Sarah Clark (15m 55s):
So we’re, you know, doing, doing the, you know, doing the testing and you can eat the best diet for you and working on those gut infections and throw out the plastics and all the environmental toxins. But the mental, emotional side of things is equally as impactful as, as that’s why it’s we take a very holistic approach. And then we also do a blood chemsitry review where we’re looking at the blood chemistry through functional reference ranges. Those are for healthy people. Our whole thing is to educated. The tests will tell a story, the health history, the blood chem, talking to the client, of course, and then, okay, here’s the story here.
Sarah Clark (16m 33s):
Here’s what it is for you.
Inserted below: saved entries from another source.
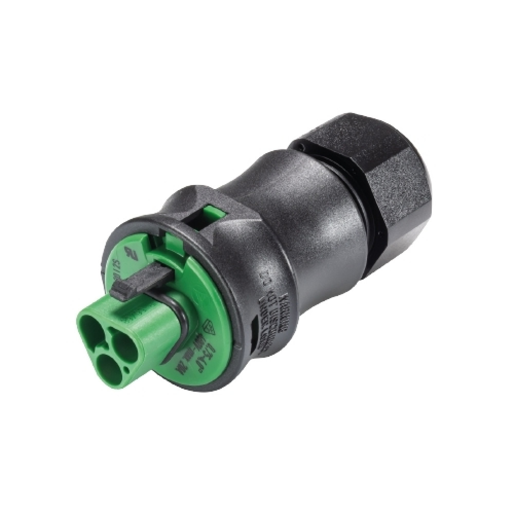 Вилочный разъем на кабель диаметром 10-14 мм, 2 полюса, тип фиксации провода: винтовой,номинальные характеристики: 250V, 20A, цвет корпуса: черный, цвет контактной вставки: зеленый, серия RST Classic
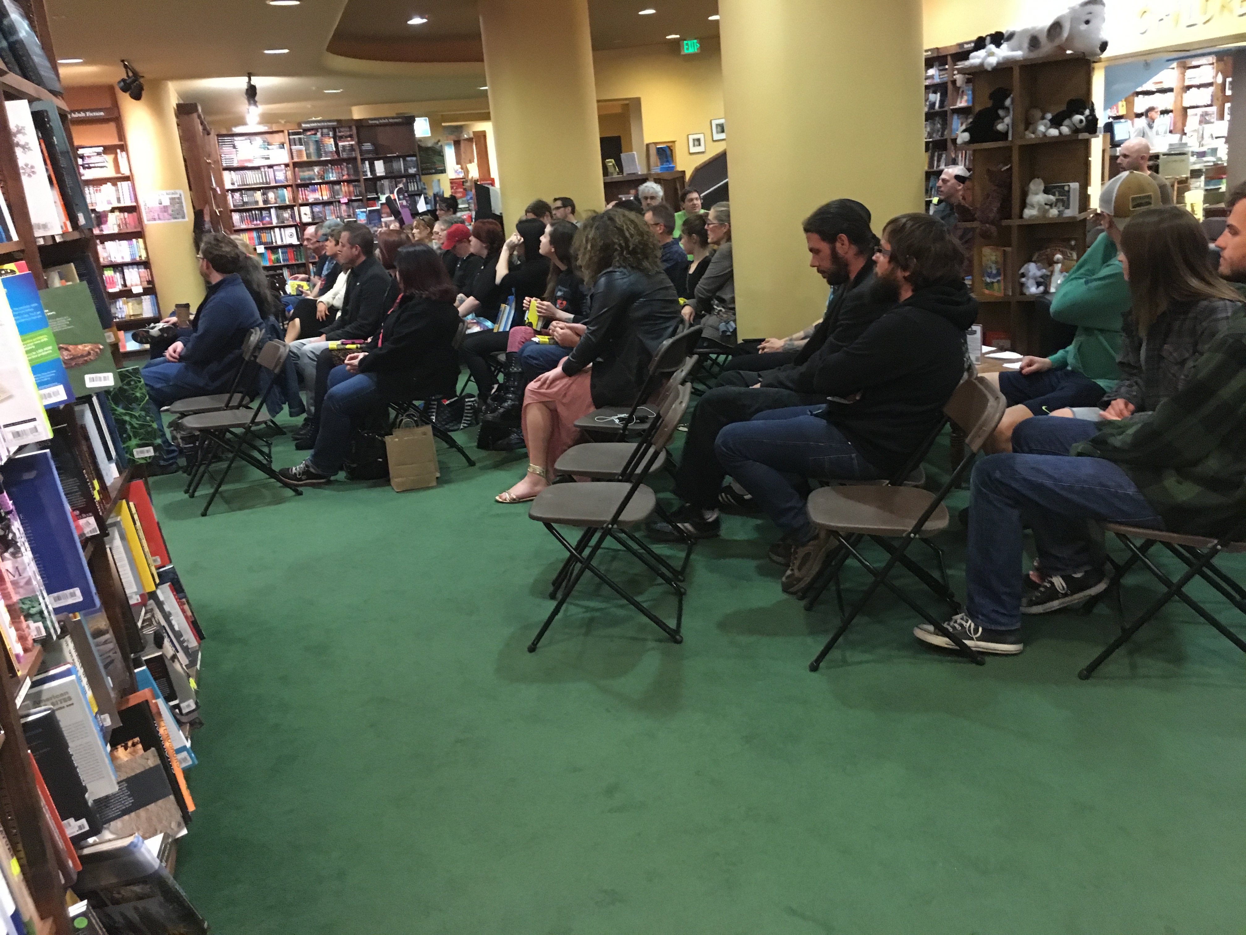 Was a great time: big crowd with a lot of questions. We never even got around to reading, just ended up talking to each other, fielding questions. Topics addressed ranged from David Lynch to advice to a twelve-year-old, and all points between. Here’s us digging deep into the world:
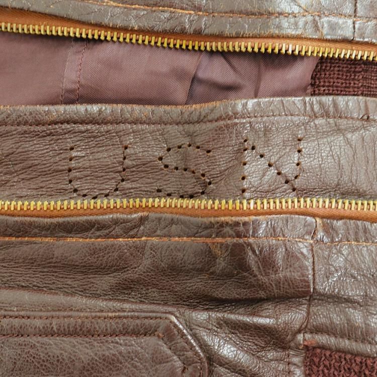 コメント:50年代のヴィンテージ レザーフライトジャケットです。 ゴートスキンにムートン襟が特徴で、前立てにはパンチングでUSNと入ります。 エイジングしたレザーが雰囲気良く、オーラがありますよ。
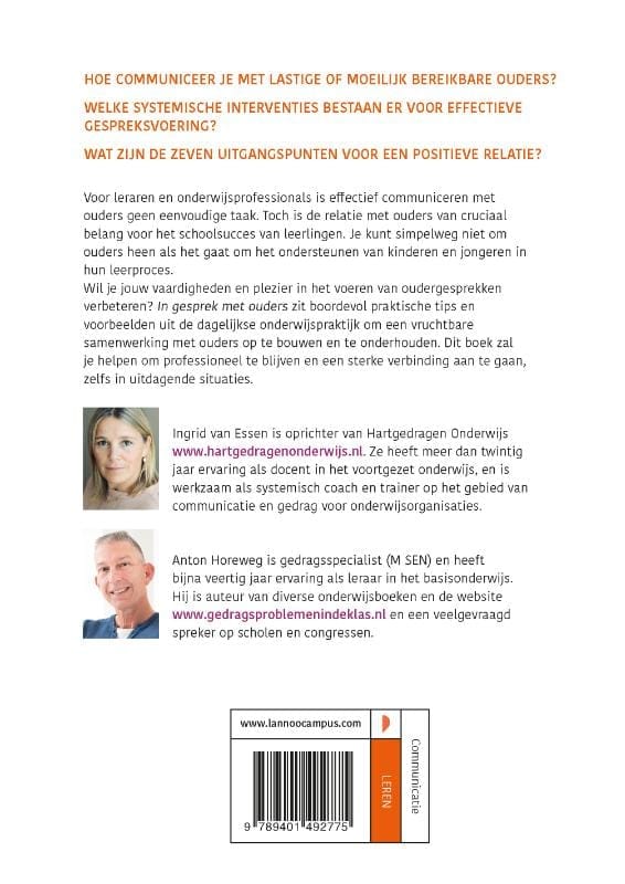 Wil je jouw vaardigheden en plezier in het voeren van oudergesprekken verbeteren? In gesprek met ouders zit boordevol praktische tips en voorbeelden uit de dagelijkse onderwijspraktijk om een vruchtbare samenwerking met ouders op te bouwen en te onderhouden. Dit boek zal je helpen om professioneel te blijven en een sterke verbinding aan te gaan, zelfs in uitdagende situaties.
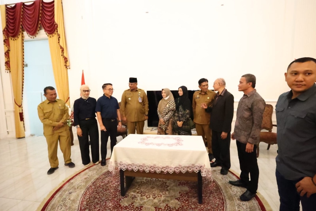 Pj. Gubernur Aceh, Wali Nanggroe, Kadinsos Aceh, dan para Kepala SKPA dan Kepala Biro serta Keluarga Ahli Waris Laksamana Keumalahayati berfoto bersama usai serah terima Hibah Aset Milik Pemerintah Aceh. Selasa, 11/02/2025 di Meuligoe Wali Nanggroe.
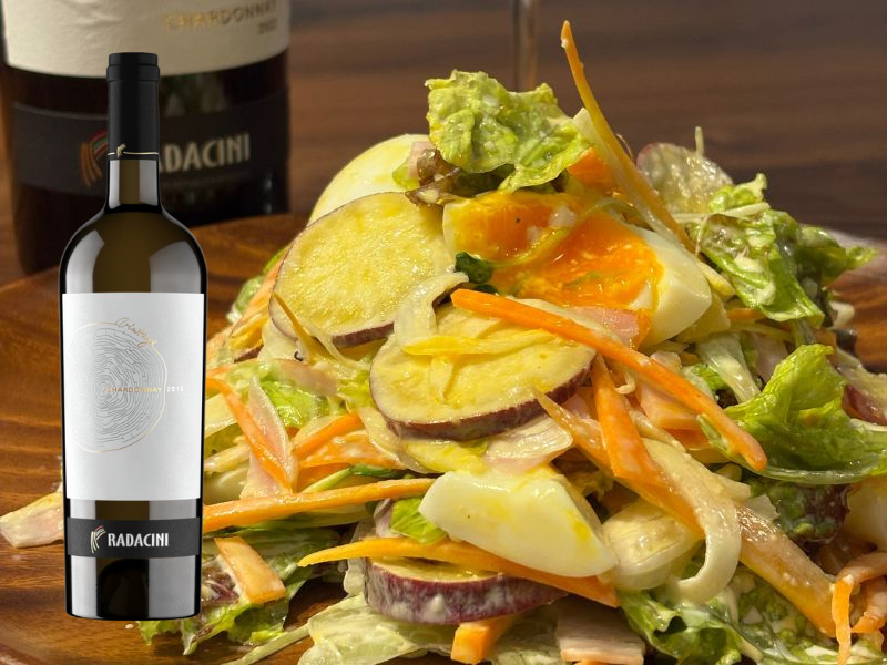 【アグリワイン×めしわいん】白ワインが進む!さつまいもとハムのとろたまシーザーサラダ

And then developing a protocol and then looking at diet changes, looking at movement, looking at sleep with auto sleep is huge for people like optimizing sleep and then looking at stress. So being able to reduce the physical and the mental, emotional stressors is the key.
Christine Okezie (16m 53s):
There’s so much emotion that goes into the particular clients that are, you know, you’re working with and is really struggling with conceiving. As you said, you, you, there’s a lot of hopelessness. There’s a lot of despair. There’s a tendency to kind of focus on this diagnosis. Right. I see what your team is doing is helping people kind of say, well, what else can I see? Right. Taking sort of this wider perspective of, you know, okay, well, what’s really, you know, where can I work now?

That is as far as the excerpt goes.